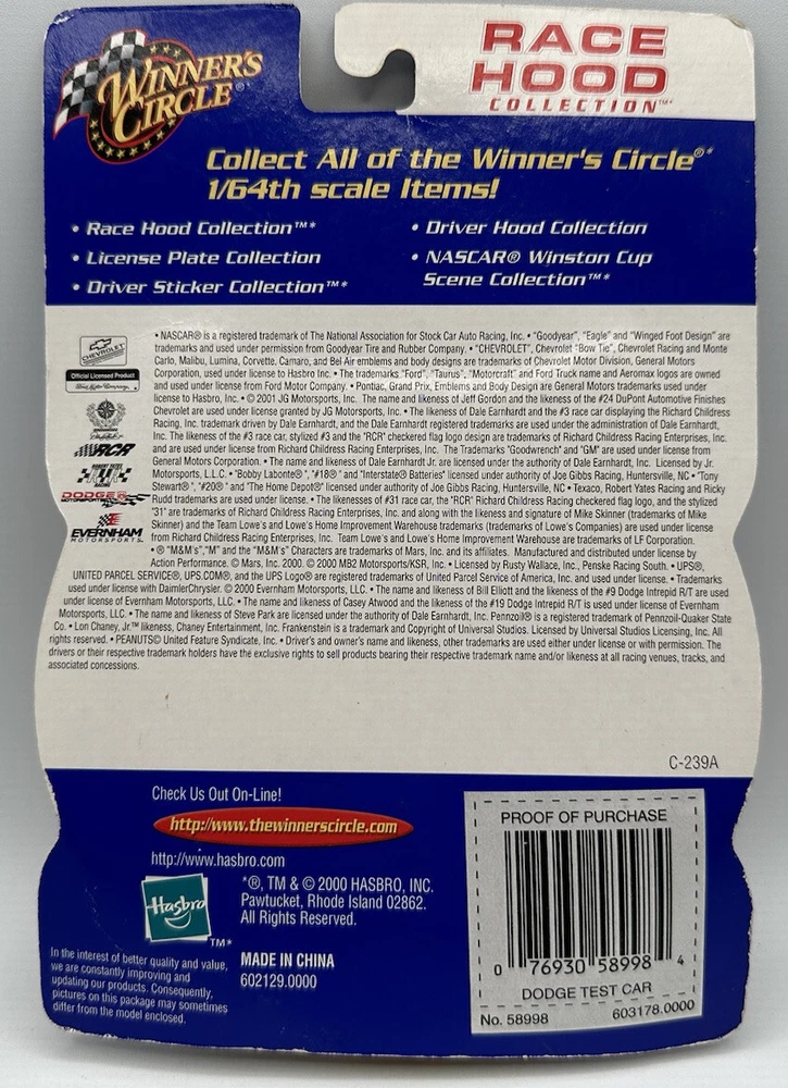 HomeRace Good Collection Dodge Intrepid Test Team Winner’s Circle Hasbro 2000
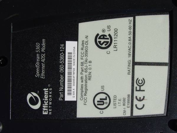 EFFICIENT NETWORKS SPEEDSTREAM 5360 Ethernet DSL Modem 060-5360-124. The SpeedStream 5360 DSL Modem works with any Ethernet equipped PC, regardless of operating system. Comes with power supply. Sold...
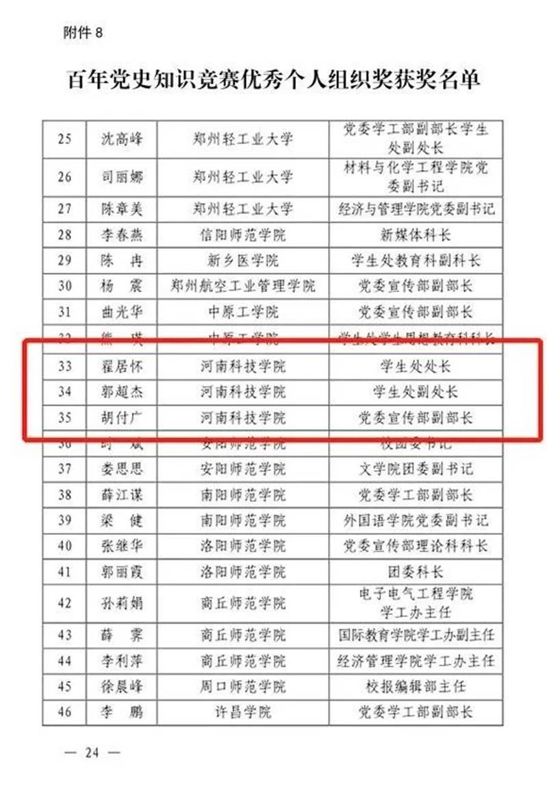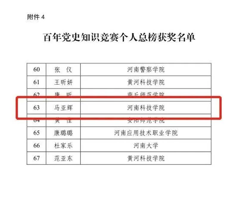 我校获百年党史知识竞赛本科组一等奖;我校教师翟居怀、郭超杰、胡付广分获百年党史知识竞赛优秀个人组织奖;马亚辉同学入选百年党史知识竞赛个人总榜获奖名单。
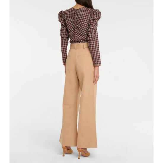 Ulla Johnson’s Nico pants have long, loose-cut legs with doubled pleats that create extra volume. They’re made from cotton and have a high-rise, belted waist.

--------

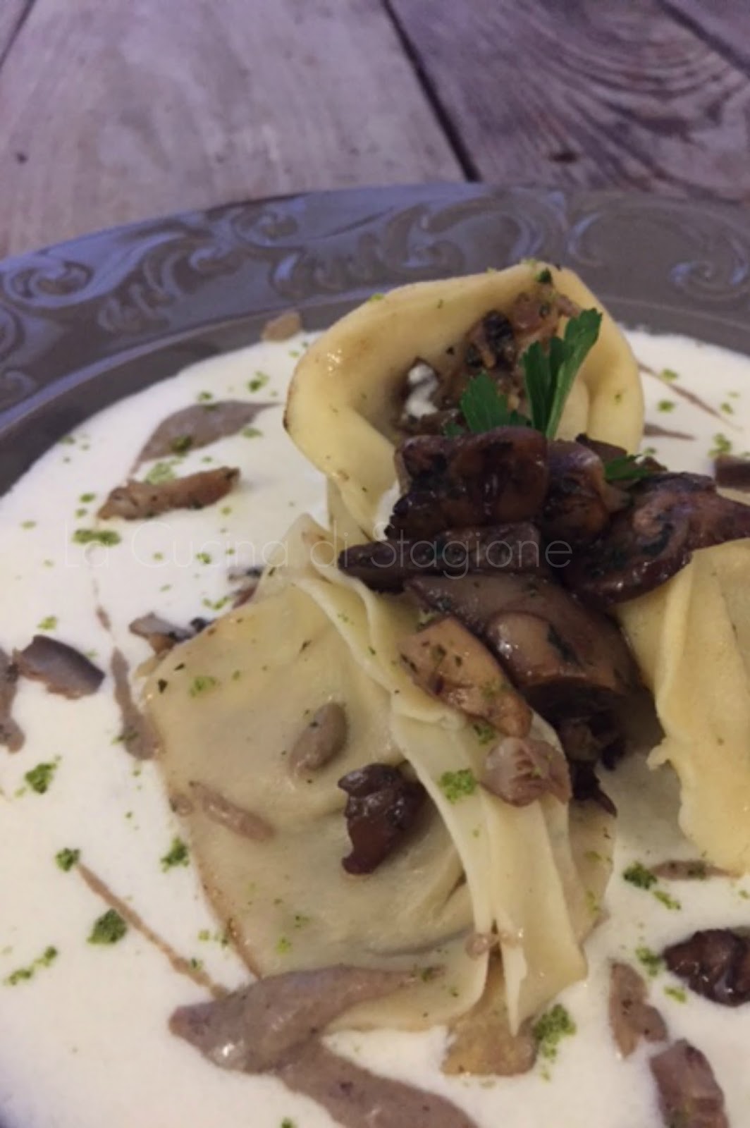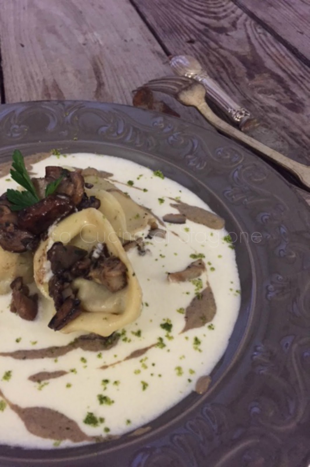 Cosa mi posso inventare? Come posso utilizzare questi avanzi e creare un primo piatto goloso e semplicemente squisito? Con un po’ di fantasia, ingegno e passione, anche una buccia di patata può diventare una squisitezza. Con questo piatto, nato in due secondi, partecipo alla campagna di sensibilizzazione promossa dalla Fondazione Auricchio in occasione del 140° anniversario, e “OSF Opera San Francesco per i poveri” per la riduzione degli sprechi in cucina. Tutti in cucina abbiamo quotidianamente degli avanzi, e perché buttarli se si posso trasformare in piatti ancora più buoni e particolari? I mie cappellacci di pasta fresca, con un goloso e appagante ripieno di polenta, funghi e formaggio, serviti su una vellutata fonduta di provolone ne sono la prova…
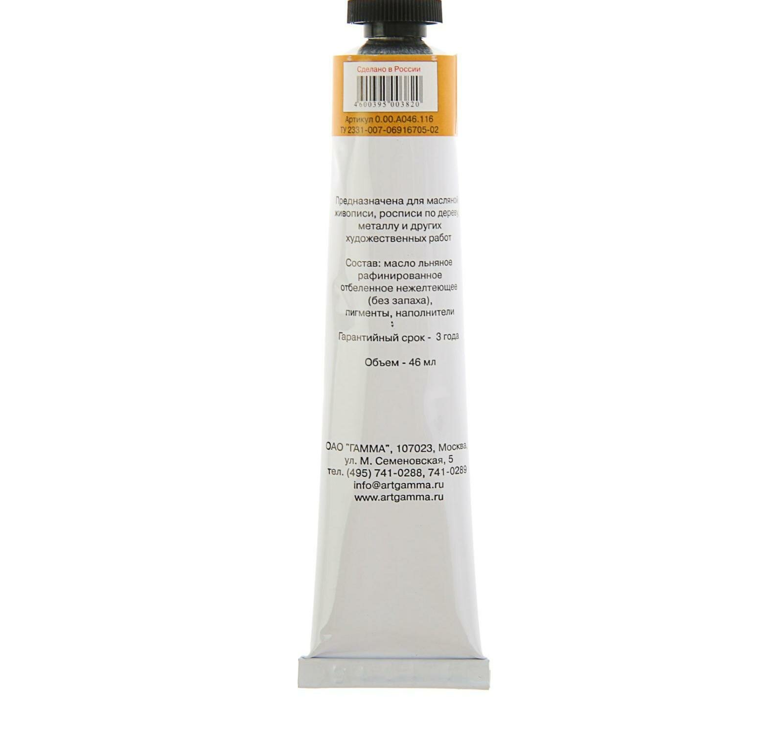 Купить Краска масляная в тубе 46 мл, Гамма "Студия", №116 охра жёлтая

--------

## [Problem requirements]
Give back the exact lines above, running from the one that has "Cosa mi posso" through the one that has "Купить Краска масляная", with nothing added and no pictures.

## [Answer to this exercise]
 Cosa mi posso inventare? Come posso utilizzare questi avanzi e creare un primo piatto goloso e semplicemente squisito? Con un po’ di fantasia, ingegno e passione, anche una buccia di patata può diventare una squisitezza. Con questo piatto, nato in due secondi, partecipo alla campagna di sensibilizzazione promossa dalla Fondazione Auricchio in occasione del 140° anniversario, e “OSF Opera San Francesco per i poveri” per la riduzione degli sprechi in cucina. Tutti in cucina abbiamo quotidianamente degli avanzi, e perché buttarli se si posso trasformare in piatti ancora più buoni e particolari? I mie cappellacci di pasta fresca, con un goloso e appagante ripieno di polenta, funghi e formaggio, serviti su una vellutata fonduta di provolone ne sono la prova…
 Купить Краска масляная в тубе 46 мл, Гамма "Студия", №116 охра жёлтая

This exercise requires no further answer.